- _TASK OBJECTIVE_: The answer should hold only the lines from the one containing "How well a filter" through the one containing "carry bags of" in the entries below, copied exactly, without pictures.
▬▬▬▬▬▬▬▬▬▬
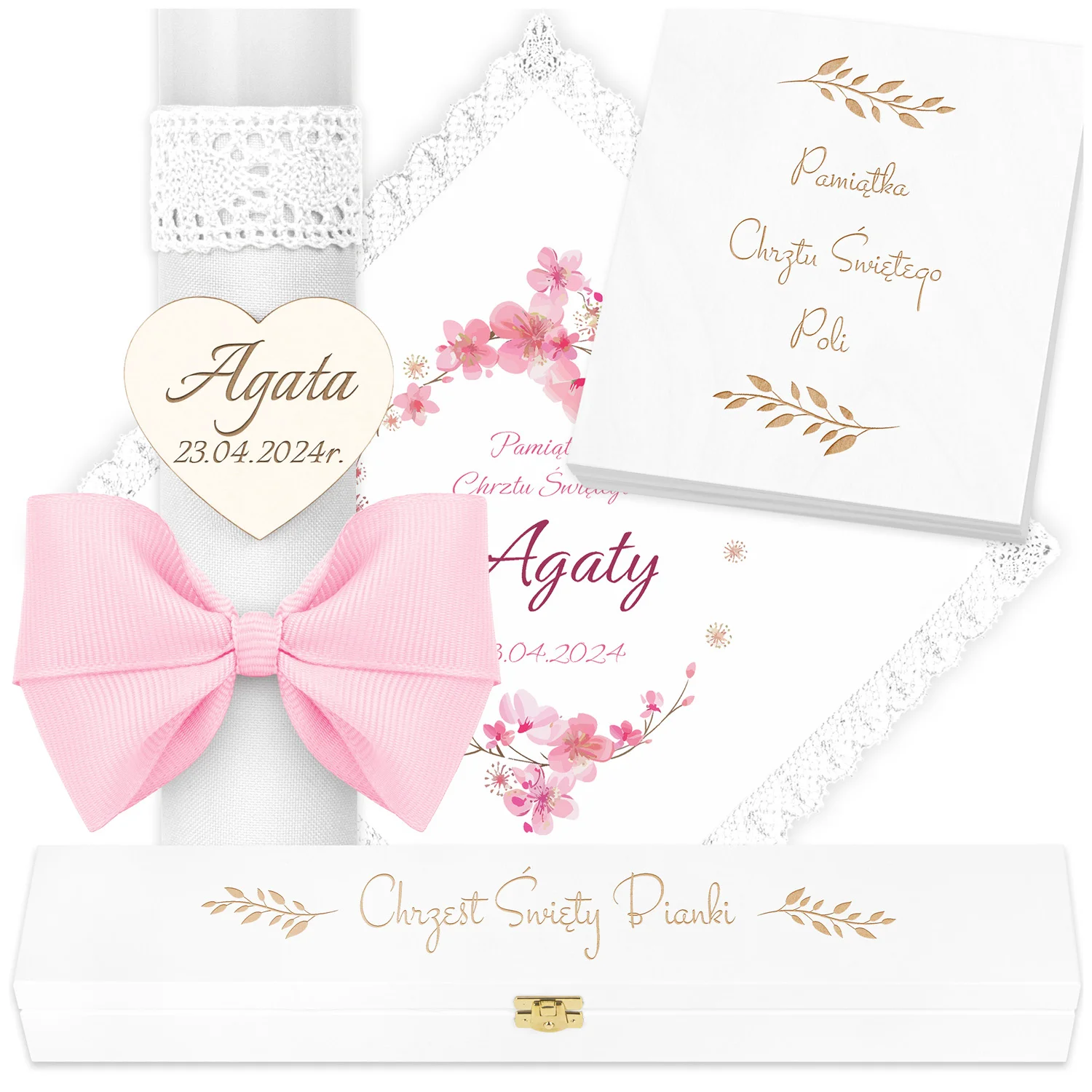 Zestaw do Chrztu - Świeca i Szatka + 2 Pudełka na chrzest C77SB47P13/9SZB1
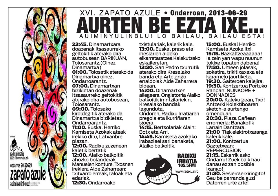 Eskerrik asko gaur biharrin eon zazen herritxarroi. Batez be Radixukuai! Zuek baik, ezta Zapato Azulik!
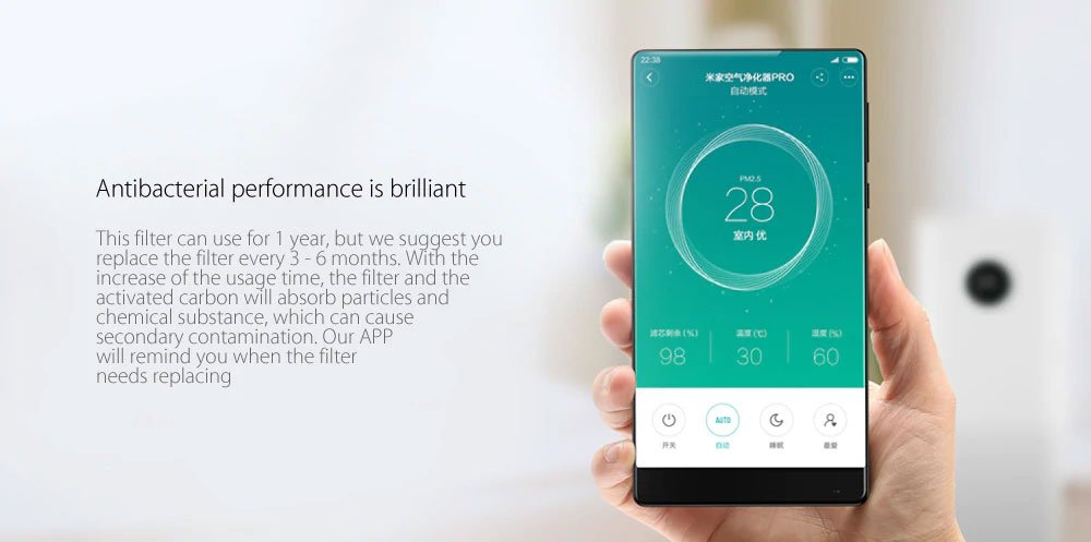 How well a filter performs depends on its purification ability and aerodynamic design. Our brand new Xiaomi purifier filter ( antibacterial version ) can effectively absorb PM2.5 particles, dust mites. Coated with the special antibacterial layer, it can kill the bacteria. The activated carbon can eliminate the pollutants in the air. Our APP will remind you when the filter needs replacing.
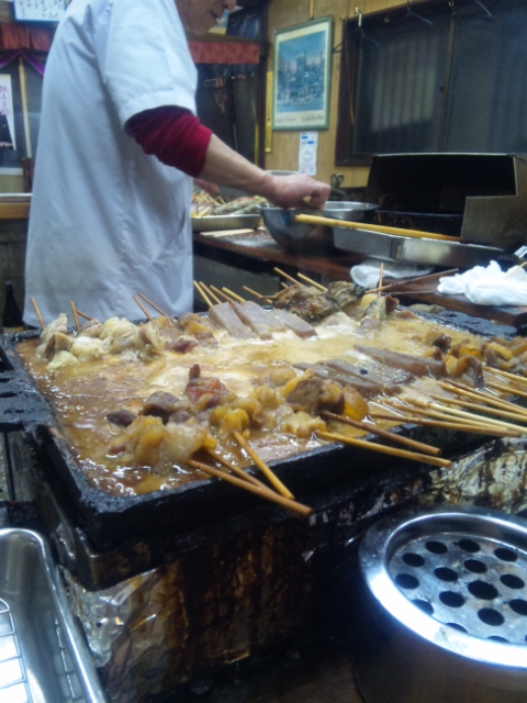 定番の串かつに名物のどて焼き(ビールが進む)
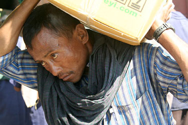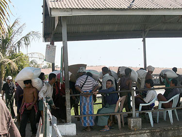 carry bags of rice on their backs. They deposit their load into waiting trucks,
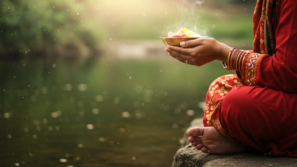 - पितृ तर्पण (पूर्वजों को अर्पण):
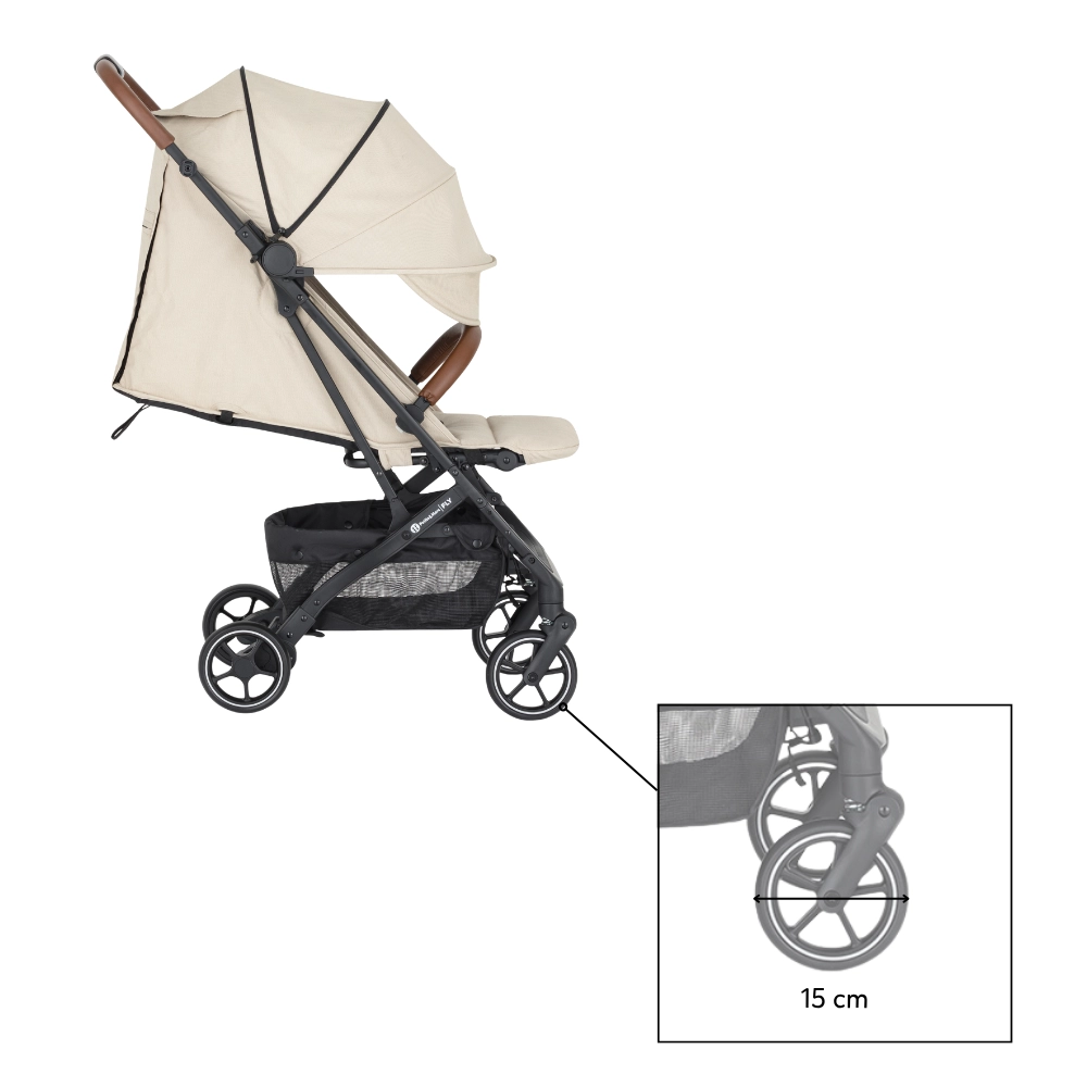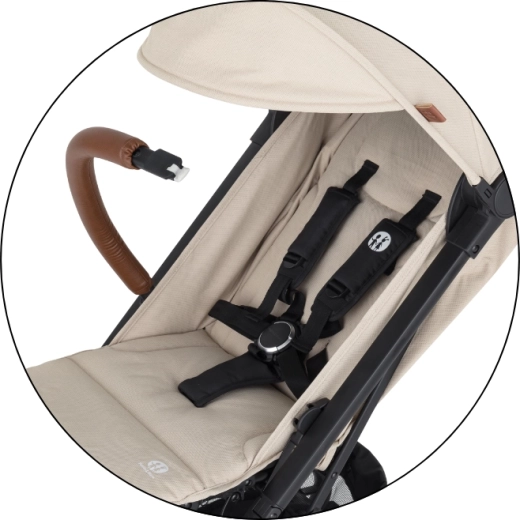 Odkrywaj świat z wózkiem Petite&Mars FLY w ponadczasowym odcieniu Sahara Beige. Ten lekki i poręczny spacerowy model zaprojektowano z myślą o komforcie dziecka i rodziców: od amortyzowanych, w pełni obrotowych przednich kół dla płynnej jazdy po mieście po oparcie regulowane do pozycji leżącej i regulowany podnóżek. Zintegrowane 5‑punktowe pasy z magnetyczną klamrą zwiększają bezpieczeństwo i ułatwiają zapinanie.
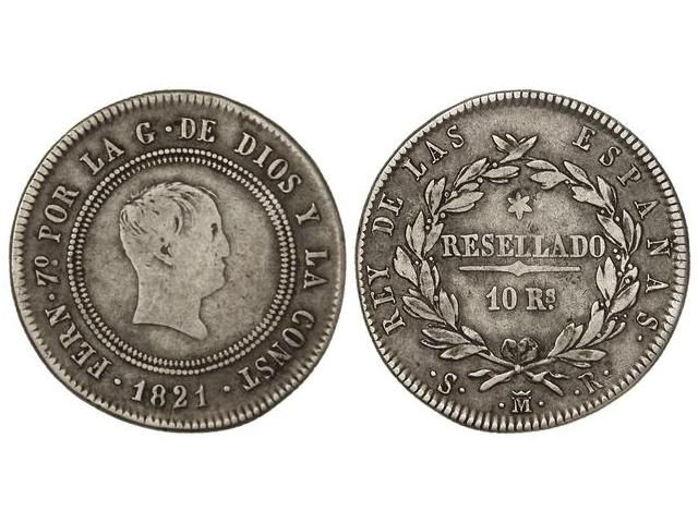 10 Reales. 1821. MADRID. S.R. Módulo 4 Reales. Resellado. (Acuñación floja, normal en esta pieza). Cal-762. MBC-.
▬▬▬▬▬▬▬▬▬▬
- _ANSWER BOX_:
 How well a filter performs depends on its purification ability and aerodynamic design. Our brand new Xiaomi purifier filter ( antibacterial version ) can effectively absorb PM2.5 particles, dust mites. Coated with the special antibacterial layer, it can kill the bacteria. The activated carbon can eliminate the pollutants in the air. Our APP will remind you when the filter needs replacing.
 定番の串かつに名物のどて焼き(ビールが進む)
 carry bags of rice on their backs. They deposit their load into waiting trucks,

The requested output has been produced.